In the material below, find the line containing "واردات ۸ تن" and the line containing "但很明显的是,很多国内的玩家". Output those two lines and all lines between them exactly, without pictures.

# DATASET EXTRACT
▼
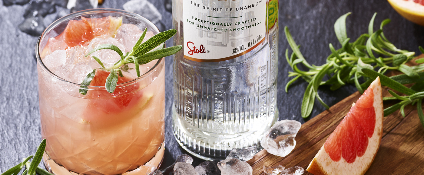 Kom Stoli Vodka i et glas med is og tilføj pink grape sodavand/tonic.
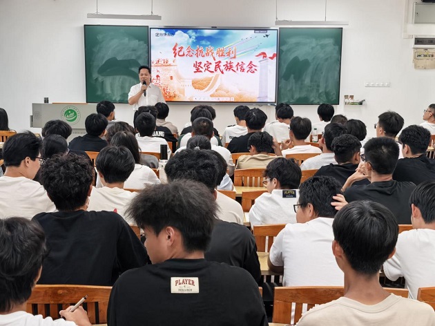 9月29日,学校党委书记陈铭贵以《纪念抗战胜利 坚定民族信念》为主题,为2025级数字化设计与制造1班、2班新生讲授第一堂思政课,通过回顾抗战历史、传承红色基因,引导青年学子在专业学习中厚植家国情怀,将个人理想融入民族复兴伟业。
▲
▼
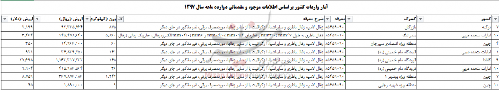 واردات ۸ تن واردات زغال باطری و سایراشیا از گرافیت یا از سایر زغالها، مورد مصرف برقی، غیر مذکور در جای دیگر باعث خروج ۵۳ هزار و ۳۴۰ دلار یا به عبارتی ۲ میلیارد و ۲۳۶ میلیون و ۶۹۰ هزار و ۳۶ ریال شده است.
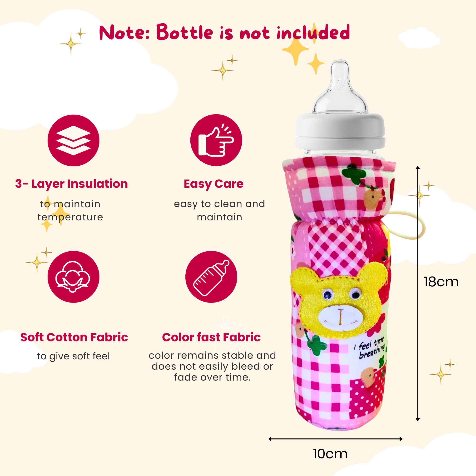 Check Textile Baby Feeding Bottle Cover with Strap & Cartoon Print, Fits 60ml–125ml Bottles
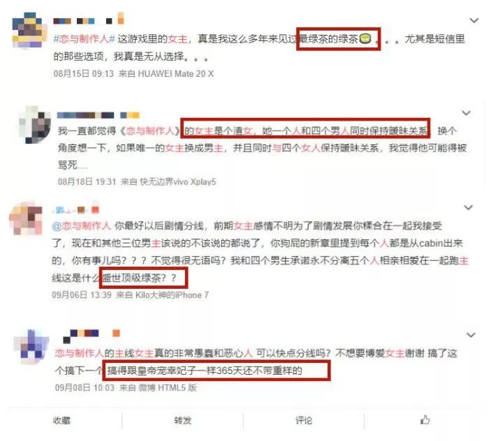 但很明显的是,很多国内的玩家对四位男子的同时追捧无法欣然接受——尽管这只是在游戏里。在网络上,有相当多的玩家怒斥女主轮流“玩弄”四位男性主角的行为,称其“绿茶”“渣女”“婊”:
▲
# SOLUTION
 واردات ۸ تن واردات زغال باطری و سایراشیا از گرافیت یا از سایر زغالها، مورد مصرف برقی، غیر مذکور در جای دیگر باعث خروج ۵۳ هزار و ۳۴۰ دلار یا به عبارتی ۲ میلیارد و ۲۳۶ میلیون و ۶۹۰ هزار و ۳۶ ریال شده است.
 Check Textile Baby Feeding Bottle Cover with Strap & Cartoon Print, Fits 60ml–125ml Bottles
 但很明显的是,很多国内的玩家对四位男子的同时追捧无法欣然接受——尽管这只是在游戏里。在网络上,有相当多的玩家怒斥女主轮流“玩弄”四位男性主角的行为,称其“绿茶”“渣女”“婊”:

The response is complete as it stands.